By Associated Press - Monday, April 21, 2014

GALLUP, N.M. (AP) - Democratic Rep. Sandra Jeff of Crownpoint, a maverick lawmaker who has sided with Republican Gov. Susana Martinez on several high-profile legislative votes, was removed from the June 3 primary election ballot on Monday by a judge who determined she had failed to qualify as a candidate.

District Judge Louis DePauli ruled that Jeff didn’t have enough valid signatures on her nominating petitions. She has submitted 91 signatures to the secretary of state’s office, but the judge determined after a two-day hearing that only 68 were valid - leaving her 10 short of what was needed to secure a spot on the ballot.

Two other Democrats are running in House District 5, which covers portions of McKinley and San Juan counties in northwestern New Mexico.

Jeff’s lawyer, Germaine Chappelle, didn’t immediately return telephone messages seeking comment on whether she would appeal the ruling.

The judge ruled in favor of an election challenge by McKinley County voter Larry King, who brought the lawsuit with the assistance of Conservation Voters New Mexico. The group contends Jeff has a poor environmental voting record.

“Holding elected officials accountable for their actions is a cornerstone of our work,” Demis Foster, the group’s executive director, said in a statement. “Today’s ruling provides the district with an opportunity to choose a representative who will fight for the health of their communities.”

Jeff, who has served in the House since 2009, has supported Martinez-backed legislation seeking to stop New Mexico from issuing driver’s licenses to immigrants living illegally in the country.

Jeff, a member of the Navajo Nation, is among five Native Americans serving in the 70-member House. She has become a swing vote in some instances because Democrats hold a narrow majority.

Jeff was the lone Democrat to join with Republicans in blocking a $6.2 billion budget proposal earlier this year. It failed on a tie vote. However, she later supported a compromise budget measure, which was signed into law.

The judge determined that some of the signatures submitted by Jeff were of people who didn’t live in her legislative district, were duplicates or weren’t Democrats. Under state law, voters can’t sign the petitions of more than one candidate for the same office.
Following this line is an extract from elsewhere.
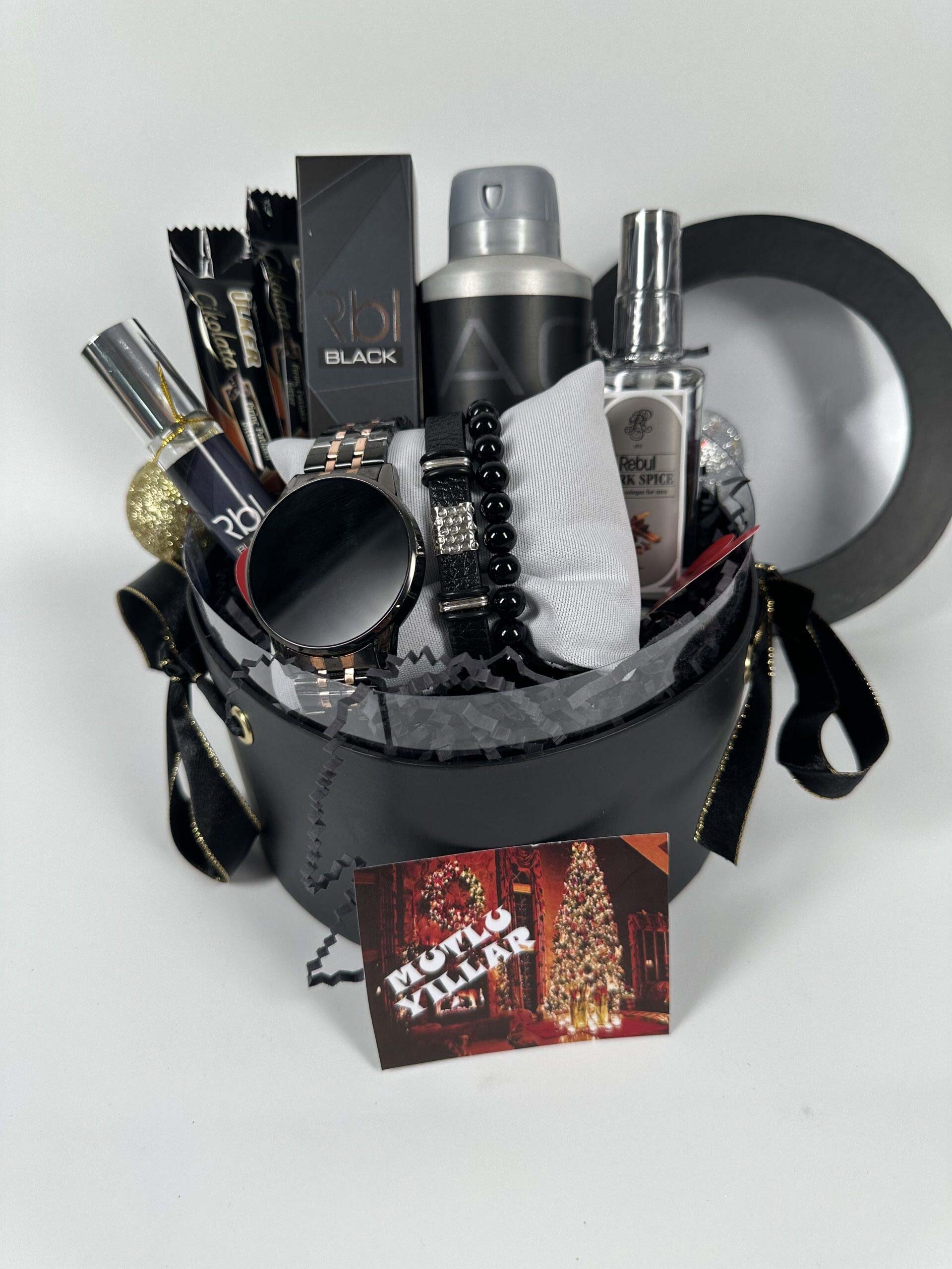 Yıl Başına Özel Erkek Set, içerisindeki özenle seçilmiş ürünlerle sevdiklerinizin yeni yıla harika bir başlangıç yapmasını sağlar. Kutu içeriği şunları barındırır: Rebul Kolonya, Parfüm ve Deodorant ile kişisel bakımlarını tamamlayabilirler. Ayrıca saat ve bileklikler, şıklıklarını tamamlamaları için harika bir seçenektir. Çikolatalar ise tatlı bir lezzet sunarak keyifli anlar yaşamalarını sağlar.

DePauli previously had dismissed King’s election challenge because he decided Jeff didn’t receive proper legal notice of the lawsuit. But the Supreme Court last week ordered the case back to the district court to determine whether Jeff had enough valid nominating signatures. The high court has temporarily blocked the secretary of state from mailing out ballots to any overseas voters from the district until the election challenge is resolved.